Collected data.
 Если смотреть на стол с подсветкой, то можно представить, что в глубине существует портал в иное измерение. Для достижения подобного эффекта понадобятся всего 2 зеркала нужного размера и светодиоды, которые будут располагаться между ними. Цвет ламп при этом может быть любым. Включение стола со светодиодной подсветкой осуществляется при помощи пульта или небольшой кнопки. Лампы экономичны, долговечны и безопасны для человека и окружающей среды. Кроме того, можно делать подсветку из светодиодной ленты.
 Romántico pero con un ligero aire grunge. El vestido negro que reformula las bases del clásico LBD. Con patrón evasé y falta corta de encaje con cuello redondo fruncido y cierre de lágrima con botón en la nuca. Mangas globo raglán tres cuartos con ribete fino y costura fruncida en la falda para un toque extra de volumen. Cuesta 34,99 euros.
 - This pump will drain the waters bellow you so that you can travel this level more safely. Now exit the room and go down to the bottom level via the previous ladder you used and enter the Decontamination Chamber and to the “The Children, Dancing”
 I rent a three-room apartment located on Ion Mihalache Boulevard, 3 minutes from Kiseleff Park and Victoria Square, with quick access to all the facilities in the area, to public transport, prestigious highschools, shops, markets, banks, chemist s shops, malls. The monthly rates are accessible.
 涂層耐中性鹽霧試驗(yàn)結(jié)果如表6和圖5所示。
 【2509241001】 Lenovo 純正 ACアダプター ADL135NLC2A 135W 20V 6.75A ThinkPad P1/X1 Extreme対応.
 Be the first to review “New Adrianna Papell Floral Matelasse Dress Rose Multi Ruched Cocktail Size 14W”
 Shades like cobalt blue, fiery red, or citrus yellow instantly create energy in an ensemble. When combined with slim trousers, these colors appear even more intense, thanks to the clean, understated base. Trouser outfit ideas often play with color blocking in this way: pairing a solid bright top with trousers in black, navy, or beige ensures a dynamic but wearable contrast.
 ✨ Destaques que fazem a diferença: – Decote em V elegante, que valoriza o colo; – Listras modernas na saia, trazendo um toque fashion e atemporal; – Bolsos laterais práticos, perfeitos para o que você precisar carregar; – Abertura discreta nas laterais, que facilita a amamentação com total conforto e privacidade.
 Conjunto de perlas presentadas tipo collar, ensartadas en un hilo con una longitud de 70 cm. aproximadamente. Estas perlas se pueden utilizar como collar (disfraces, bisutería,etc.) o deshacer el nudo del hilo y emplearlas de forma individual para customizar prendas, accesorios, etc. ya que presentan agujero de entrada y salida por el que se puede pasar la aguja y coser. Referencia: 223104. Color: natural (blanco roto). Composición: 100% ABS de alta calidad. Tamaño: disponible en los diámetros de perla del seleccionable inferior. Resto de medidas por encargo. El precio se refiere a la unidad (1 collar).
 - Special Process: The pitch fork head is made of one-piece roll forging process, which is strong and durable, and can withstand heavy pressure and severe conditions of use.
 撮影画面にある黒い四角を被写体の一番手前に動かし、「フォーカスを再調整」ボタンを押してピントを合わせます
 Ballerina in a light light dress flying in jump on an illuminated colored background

Required work.
Using the entries shown above, reproduce verbatim the lines from the line bearing "ThinkPad P1/X1 Extreme対応." to the line bearing "Be the first", inclusive.

Result of this exercise.
 【2509241001】 Lenovo 純正 ACアダプター ADL135NLC2A 135W 20V 6.75A ThinkPad P1/X1 Extreme対応.
 Be the first to review “New Adrianna Papell Floral Matelasse Dress Rose Multi Ruched Cocktail Size 14W”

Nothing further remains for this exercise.